## WHAT THE TASK REQUIRES
Skipping all pictures, print exactly the lines below from the one with "Từ một điểm" through the final line.

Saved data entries
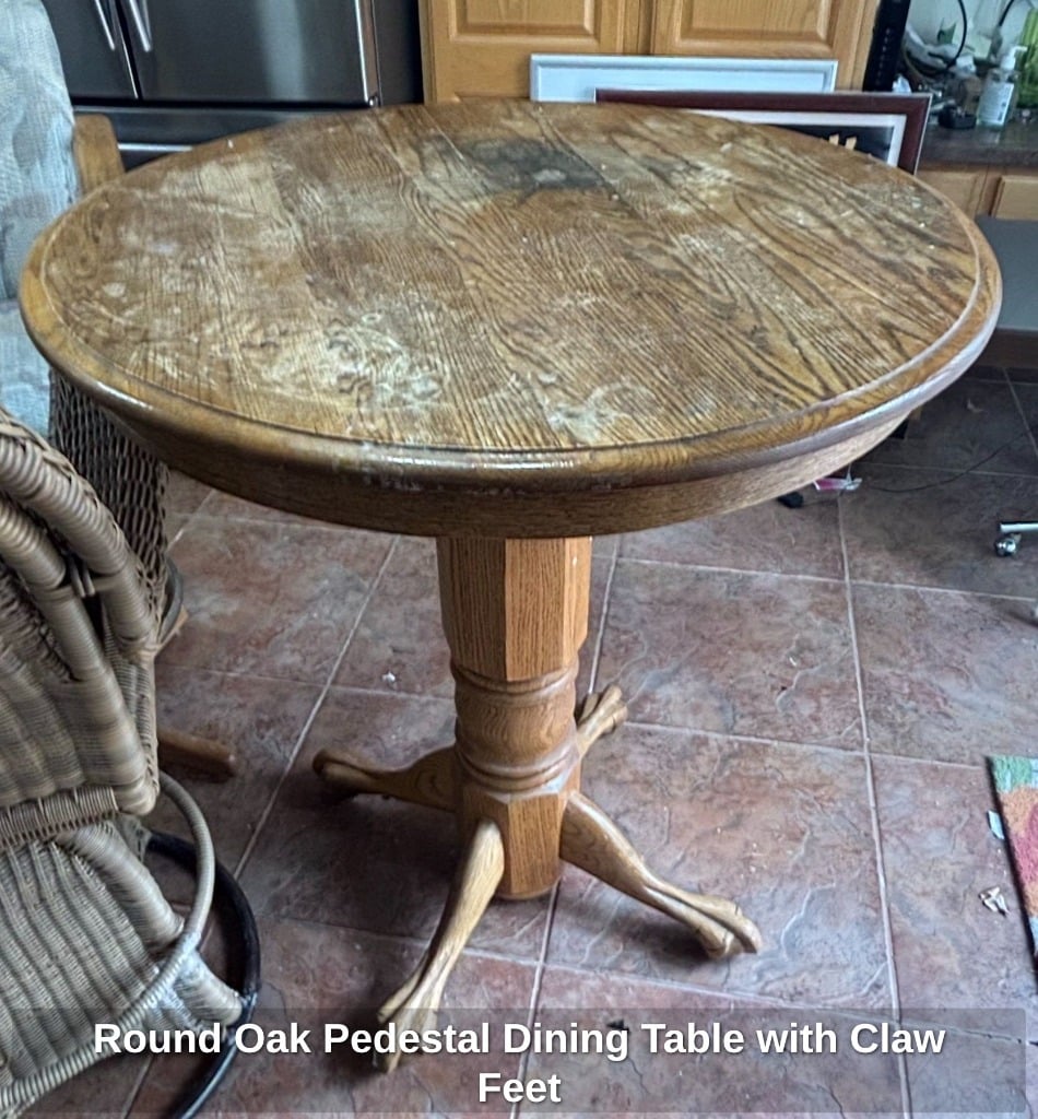 Round Oak Pedestal Dining Table with Claw Feet
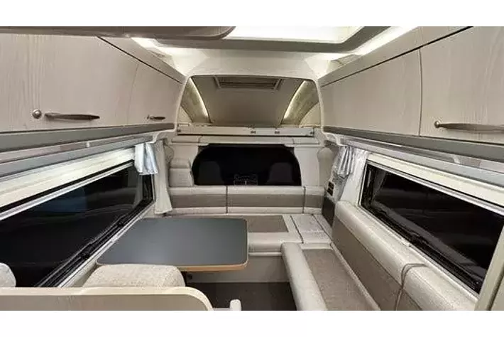 スカイライトルーフ:夜空を眺めながら眠りにつける人気のオプション。自然光を取り入れて車内を明るくし、換気にも役立つ。網戸とブラインドも備え、用途に応じて調節できます。
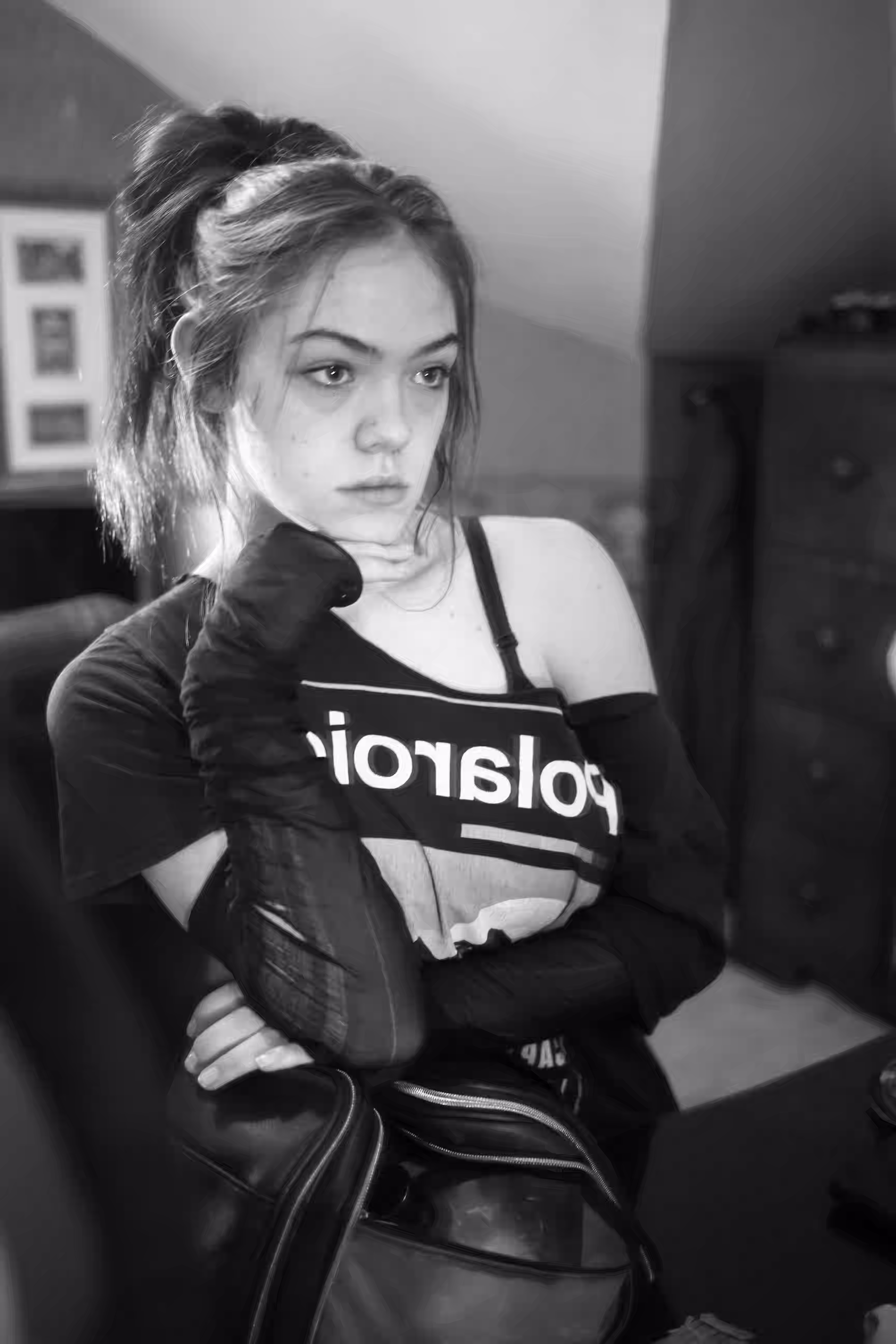 black and white style, mirror selfie, cluttered, bathroom, candid moment
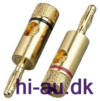 4mm, with spliced contact, gold-plated high-end version, cross hole for accepting cables up to: Ø 7mm. The cable pressing screw has a mounting hole of Ø 4mm for accepting an additional banana plug.
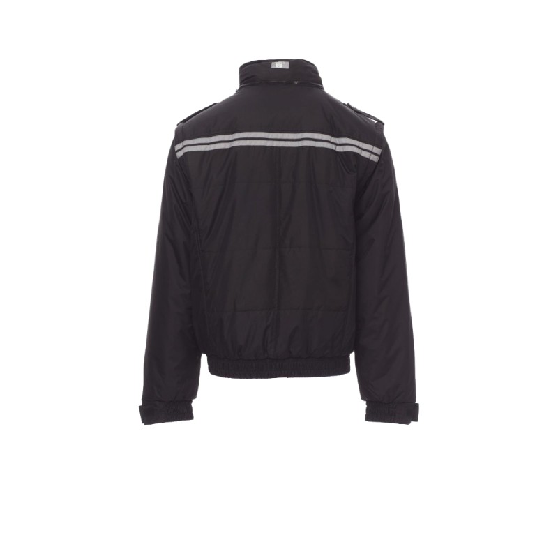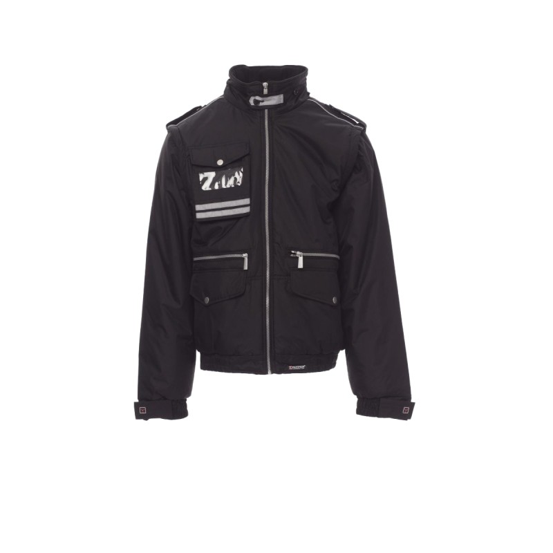 Blouson homme avec manches détachables, design informel à effet élancé, zip en plastique avec curseur en métal, capuche pliable dans le col, taille élastique, poignets réglables, épaulettes et fermeture au col, deux poches LOCK SYSTEM, deux poches zippées, une poche porte-badge réversible, passepoil réfléchissant sur les épaules et double bande réfléchissante sur la poche poitrine et le dos. Intérieur : rembourré, finition avec doublure haute densité argentée, dos en micropolaire, col en polaire, une poche.
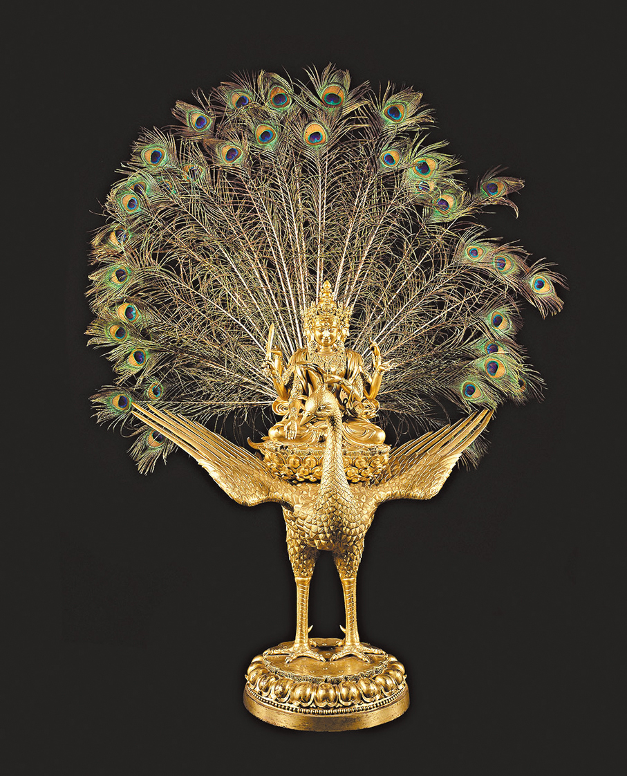 「永宣金銅造像」與「宣德爐」是明代工藝美術的傑出代表,其創新的藝術形式對後世影響深遠。「永宣垂範、震古耀今」單元展出了大都會藝術博物館藏明永樂鐵鋄金銀天杖、柏林民族學博物館藏明宣德銅鎏金孔雀明王像、青海省博物館藏明宣德賜瞿曇寺鎏金銅瓶等作品。孔雀明王在中土佛教中為消災除毒之本尊,此密教造像融合漢藏元素:孔雀明王三面六臂,騎孔雀狀。精湛的寶冠瓔珞鏨刻與孔雀翎毛寫實刻畫,彰顯明代鑄銅巔峰技藝。
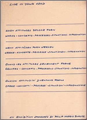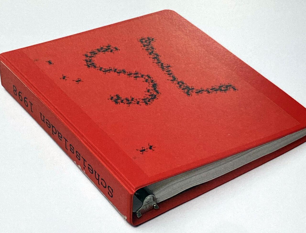 この画像を見ていただいて、「あは~ん」と思って頂けた方は、かなりの美術書通だと思います。はい、1994年のカタログは、スイスの伝説的なキュレイター、ハロルド・ゼーマンが1969年に企画した展覧会、「When Attitudes Become Form」のカタログデザインを模したもの。また、小さな蟻でスティーブンのイニシアル、SLを描いた1998年のバインダーの表紙は、1972年に開かれた、やはりゼーマンが企画を担当して「第五回カッセル・ドキュイメンタ」のカタログデザインを「引用」したものだったのです。
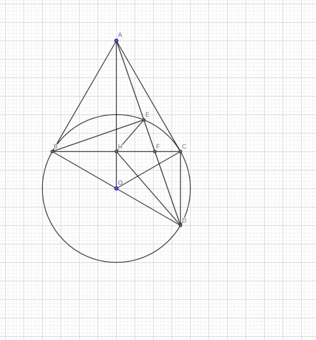 Từ một điểm A nằm ngoài đường tròn (O, R) với OA = 2R, kẻ hai tiếp tuyến AB, AC đến đường tròn (B, C là các tiếp điểm). Vẽ đường kính BD của đường tròn (O). Gọi E là giao điểm thứ hai của đường thẳng AD với đường tròn (O). Hai đường thẳng BC và AO cắt nhau tại điểm H.
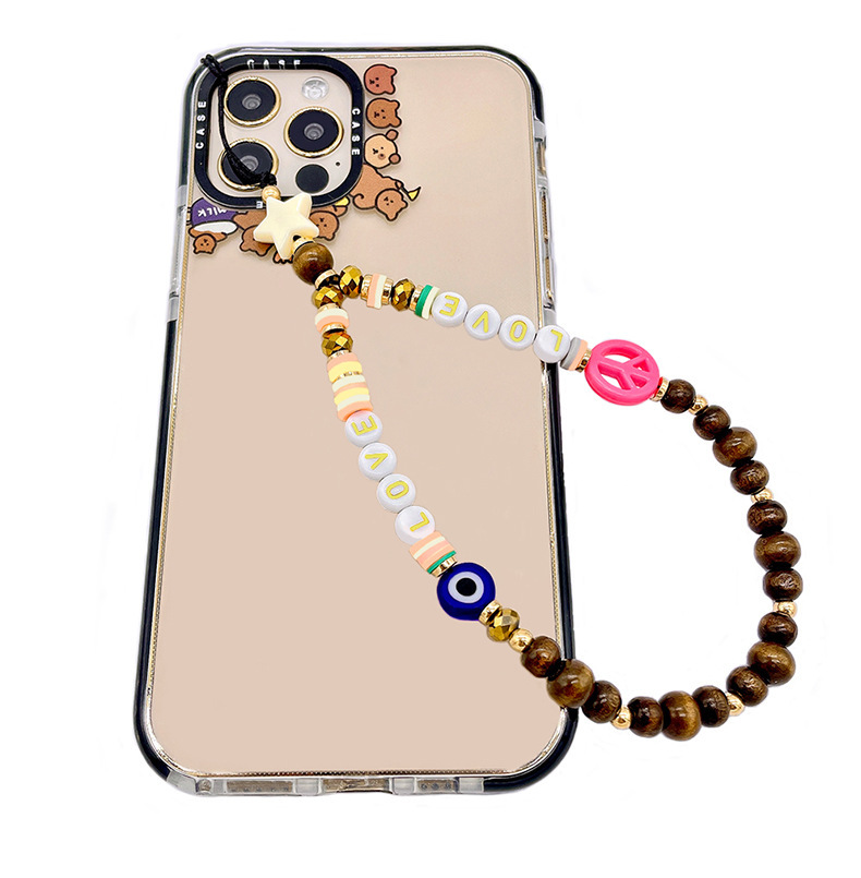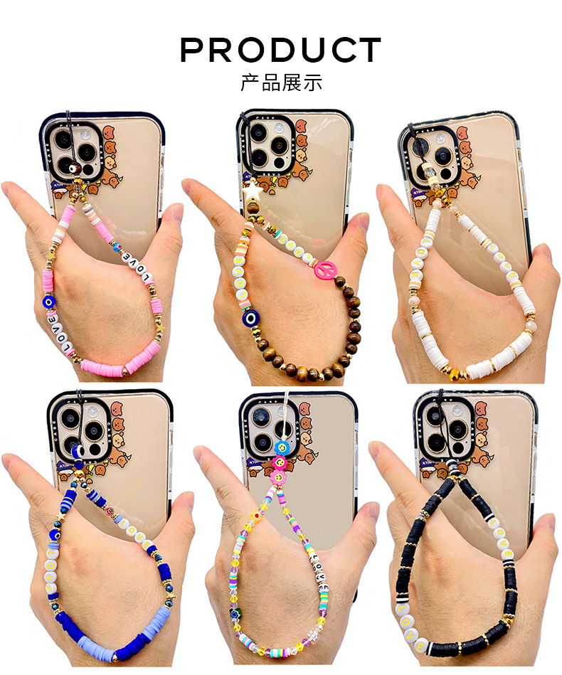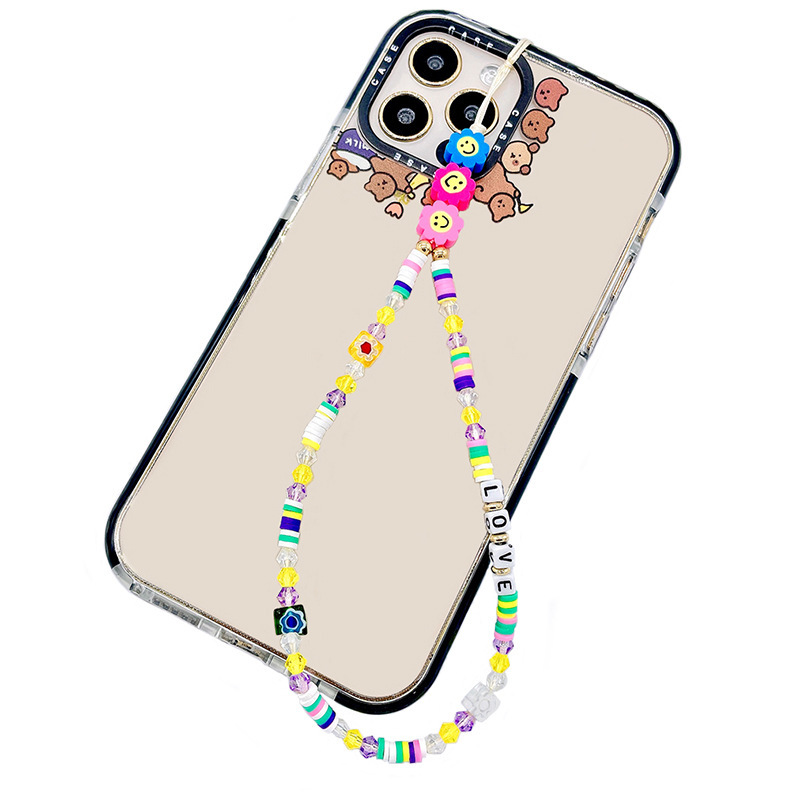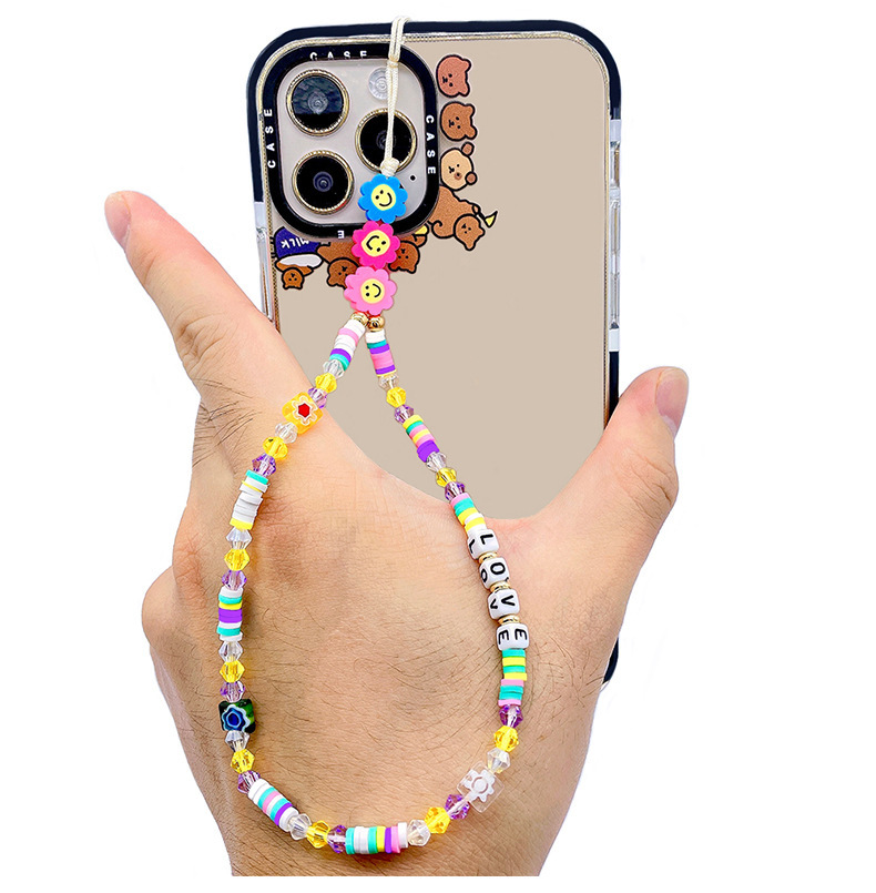 European and American soft clay mobile phone pendant chain, acrylic letter "LOVE" beaded mobile phone chain, couple mobile phone pendant rope for women

## WRITTEN RESPONSE
 Từ một điểm A nằm ngoài đường tròn (O, R) với OA = 2R, kẻ hai tiếp tuyến AB, AC đến đường tròn (B, C là các tiếp điểm). Vẽ đường kính BD của đường tròn (O). Gọi E là giao điểm thứ hai của đường thẳng AD với đường tròn (O). Hai đường thẳng BC và AO cắt nhau tại điểm H.
 European and American soft clay mobile phone pendant chain, acrylic letter "LOVE" beaded mobile phone chain, couple mobile phone pendant rope for women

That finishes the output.